> **Data excerpt**
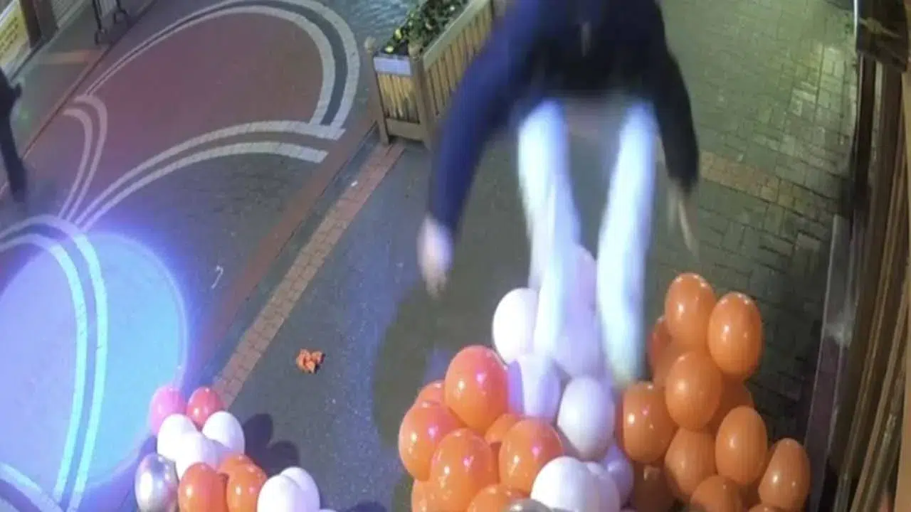 Olay, gece saatlerinde Hükümet Caddesi’nde meydana geldi. Bir kuyumcunun 14 Şubat Sevgililer Günü için iş yerini süslemek amacıyla astığı renkli balonlar, caddeden geçen kişi tarafından sökülerek yere atıldı. Bir tane balon alan şüpheli diğer balonları da üzerinde zıplayarak patlatırken, o anlar iş yerinin güvenlik kamerasına yansıdı.
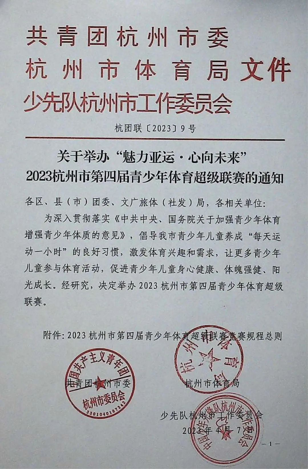 为深入贯彻落实《中共中央、国务院关于加强青少年体育增强青少年体质的意见》,广泛动员我市青少年儿童积极参与体育活动,增强参加体育锻炼的荣誉感和自觉性,养成“每天运动一小时”的良好习惯。经研究,共青团杭州市委、杭州市体育局、少先队杭州市工作委员会决定共同举办2023杭州市第四届青少年体育超级联赛。
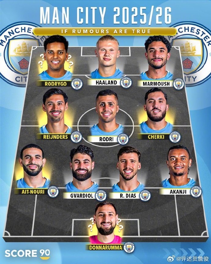 08月12日讯 闻名评述员詹俊在个东谈主社媒晒出了新赛季曼城潜在首发/替补两套威望的瞻望图,并批驳谈:

> **Task item**
Write out exactly, and only, the lines running from the line with "为深入贯彻落实《中共中央、国" to the last line above, both included, with all pictures omitted.

> **Answer to the problem**
 为深入贯彻落实《中共中央、国务院关于加强青少年体育增强青少年体质的意见》,广泛动员我市青少年儿童积极参与体育活动,增强参加体育锻炼的荣誉感和自觉性,养成“每天运动一小时”的良好习惯。经研究,共青团杭州市委、杭州市体育局、少先队杭州市工作委员会决定共同举办2023杭州市第四届青少年体育超级联赛。
 08月12日讯 闻名评述员詹俊在个东谈主社媒晒出了新赛季曼城潜在首发/替补两套威望的瞻望图,并批驳谈:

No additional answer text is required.